Pubdate: Wed, 16 Sep 2015
Source: Toronto Star (CN ON)
Copyright: 2015 The Toronto Star
Contact:  http://www.thestar.com/
Details: http://www.mapinc.org/media/456
Author: Sheryl Ubelacker
Page: A1

MOM TURNS TO ONTARIO FOR MEDICAL MARIJUANA

Denied Prescription in Alberta for 8-Year-Old Girl

An Alberta mother whose daughter has severe epilepsy has travelled to 
Ontario for a medical marijuana prescription after the girl's doctor 
said he was no longer allowed to provide permission to purchase the product.

In 2013, Sarah Wilkinson had started extracting cannabis oil from 
dried marijuana - purchased from a licensed grower with a 
prescription from a neurologist at Alberta Children's Hospital - to 
prevent life-threatening seizures in her 8-year-old daughter Mia.

But in July, the physician declined to renew the prescription, citing 
a hospital policy based on the position of Alberta Health Services, 
the provincial health authority, which does not support the use of 
medical marijuana for pediatric patients with epilepsy. Wilkinson 
said the cannabis oil is the only therapy that has worked to stop 
Mia's seizures, caused by a rare type of epilepsy called Ohtahara syndrome.
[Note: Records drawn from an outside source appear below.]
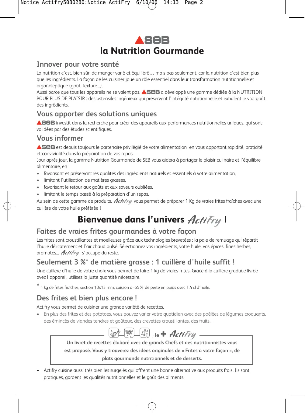 Notice Actifry5080280:Notice ActiFry 3/10/06 17:37 www.groupeseb.com Page c1 Notice Actifry5080280:Notice ActiFry 6/10/06 14:13 Page 2 la Nutrition Gourmande Innover pour votre santé La nutrition c’est, bien sûr, de manger varié et équilibré… mais pas seulement, car la nutrition c’est bien plus que les ingrédients. La façon de les cuisiner joue un rôle essentiel dans leur transformation nutritionnelle et organoleptique (goût, texture...). Aussi parce que tous les appareils ne se valent pas, a développé une gamme dédiée à la NUTRITION POUR PLUS DE PLAISIR : des ustensiles ingénieux qui préservent l’intégrité nutritionnelle et exhalent le vrai goût des ingrédients. Vous apporter des solutions uniques investit dans la recherche pour créer des appareils aux performances nutritionnelles uniques, qui sont validées par des études scientifiques. Vous informer est depuis toujours le partenaire privilégié de votre alimentation en vous apportant rapidité, praticité et convivialité dans la préparation de vos repas. Jour après jour, la gamme Nutrition Gourmande de SEB vous aidera à partager le plaisir culinaire et l’équilibre alimentaire, en :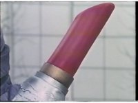 Close-up of Lipsyncher's pink lipstick left shoulder. |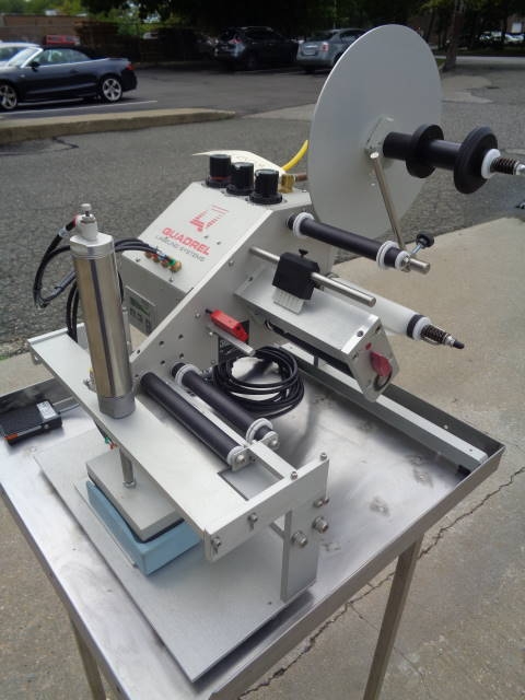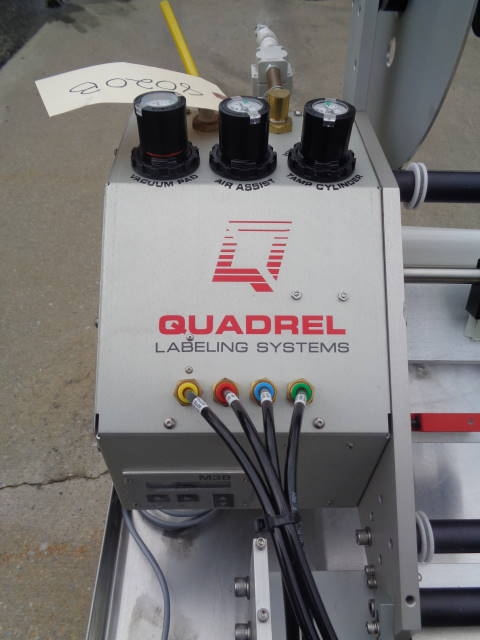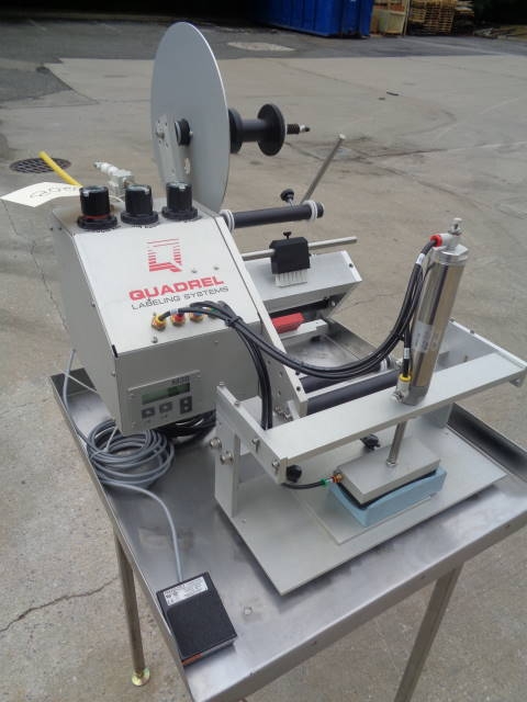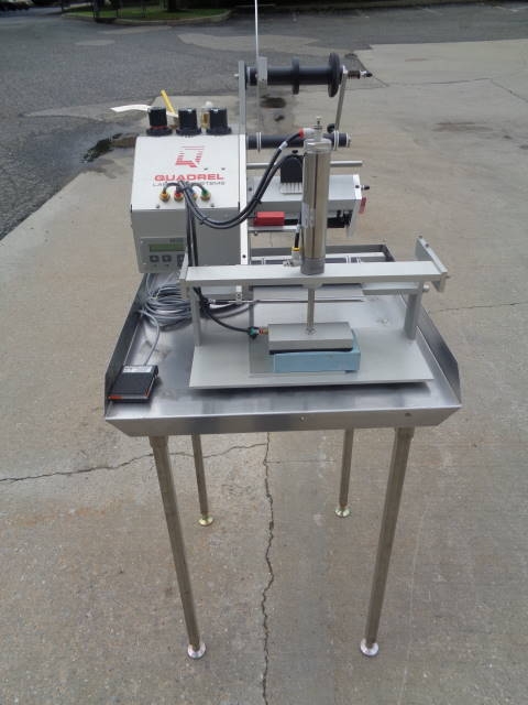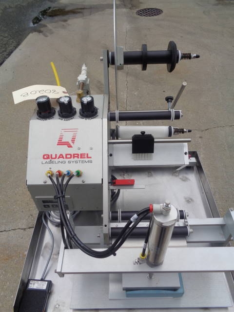 1-Used Quadrel Model T2 Tabletop Semi-Automatic Pressure Sensitive Tamp Labeling Machine, S/N 81826-01.  This foot switch activated Labeler uses single phase, 110 volt electrics and air.  Stainless Steel Table shown in photographs not included.  (Stock #8020B)

Despite taking 30 to 40 anti-convulsive pills daily, Mia would suffer 
up to 100 seizures a day, said her mother. But since starting daily 
doses of oral cannabis oil 19 months ago, she has not had a single seizure.

On Monday, Mia was seen by a doctor at the Canadian Cannabis Clinic 
in St. Catharines, Ont., and left with a prescription for dried 
marijuana, which her mother can fill from a federally licensed 
producer after returning to their Airdrie, Alta., home.
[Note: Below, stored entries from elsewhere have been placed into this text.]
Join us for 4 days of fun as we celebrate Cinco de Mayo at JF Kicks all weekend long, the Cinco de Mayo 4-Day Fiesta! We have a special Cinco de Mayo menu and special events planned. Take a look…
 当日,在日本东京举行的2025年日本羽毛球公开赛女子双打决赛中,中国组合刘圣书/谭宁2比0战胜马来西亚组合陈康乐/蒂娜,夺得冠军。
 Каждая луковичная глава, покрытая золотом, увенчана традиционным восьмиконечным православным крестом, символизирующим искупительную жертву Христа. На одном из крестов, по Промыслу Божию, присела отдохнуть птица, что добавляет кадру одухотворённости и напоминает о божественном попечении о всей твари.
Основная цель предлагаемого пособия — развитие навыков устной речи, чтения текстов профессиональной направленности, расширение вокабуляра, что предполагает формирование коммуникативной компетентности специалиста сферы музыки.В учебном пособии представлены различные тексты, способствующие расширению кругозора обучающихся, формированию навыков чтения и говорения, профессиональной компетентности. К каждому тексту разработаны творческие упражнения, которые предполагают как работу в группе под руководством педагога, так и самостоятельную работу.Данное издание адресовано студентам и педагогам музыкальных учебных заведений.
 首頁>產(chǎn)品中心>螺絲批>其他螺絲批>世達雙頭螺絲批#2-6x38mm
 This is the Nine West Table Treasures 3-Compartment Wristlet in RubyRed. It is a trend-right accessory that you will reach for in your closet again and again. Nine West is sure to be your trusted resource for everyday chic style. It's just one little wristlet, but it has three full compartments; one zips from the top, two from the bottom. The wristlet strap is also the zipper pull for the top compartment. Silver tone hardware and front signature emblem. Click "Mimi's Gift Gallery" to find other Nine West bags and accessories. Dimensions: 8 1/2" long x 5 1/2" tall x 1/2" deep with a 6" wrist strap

"It's a big relief. I don't have to worry about when I run out of her 
meds," said her mother, who had been worried about her dwindling 
supply of medical-grade marijuana purchased with the initial prescription.

Wilkinson said she turned to cannabis because nothing else was 
helping her child, whose seizures could be so severe she would stop 
breathing and have to be resuscitated and rushed to hospital.

"I really took a big leap of faith with that," she said of the 
cannabis oil, adding that within 24 hours of the first dose, Mia's 
seizures had completely stopped.

Without the treatment, "we would have waited for the next big seizure 
and she would have died. There's not a really nice way to say that. 
"Now, we can all breathe." For Mia, tetrahydrocannabinol, or THC, 
appears to be the ingredient in marijuana that controls her seizures, 
while others with different forms of epilepsy benefit from another 
component of the plant called cannabidiol, or CBD.

Pharmacologist-toxicologist McIntyre Burnham, co-director of the 
Epilepsy Research Program of the Ontario Brain Institute in Toronto, 
said about 30 per cent of people with seizures don't respond to any 
anti-convulsive medications.

His program plans to seek Health Canada approval for a clinical trial 
in adults of a cannabidiol in capsule form being developed by 
Canadian medical marijuana producer Tilray, which he hopes will start 
in about a year.

While THC does stop seizures in some people, it's also the active 
ingredient in marijuana that "makes you high," said Burnham, whereas 
CBD does not.

Researchers agree clinical trials are needed to determine if the 
various strains and extracts of marijuana can benefit patients with a 
variety of conditions, and cannabidiol appears "quite promising" for 
epilepsy, he said.

But "people are thinking it's a wonder drug. I think it's too early 
to say that . . . It's not going to be for everyone. It will help 
some people and not help others."

Kunvar Mudhar does believe CBD is a wonder drug.

A year ago, she started giving cannabis oil high in CBD to her son 
Zen, who has intractable epilepsy related to cerebral palsy that is 
resistant to all anti-convulsive medications.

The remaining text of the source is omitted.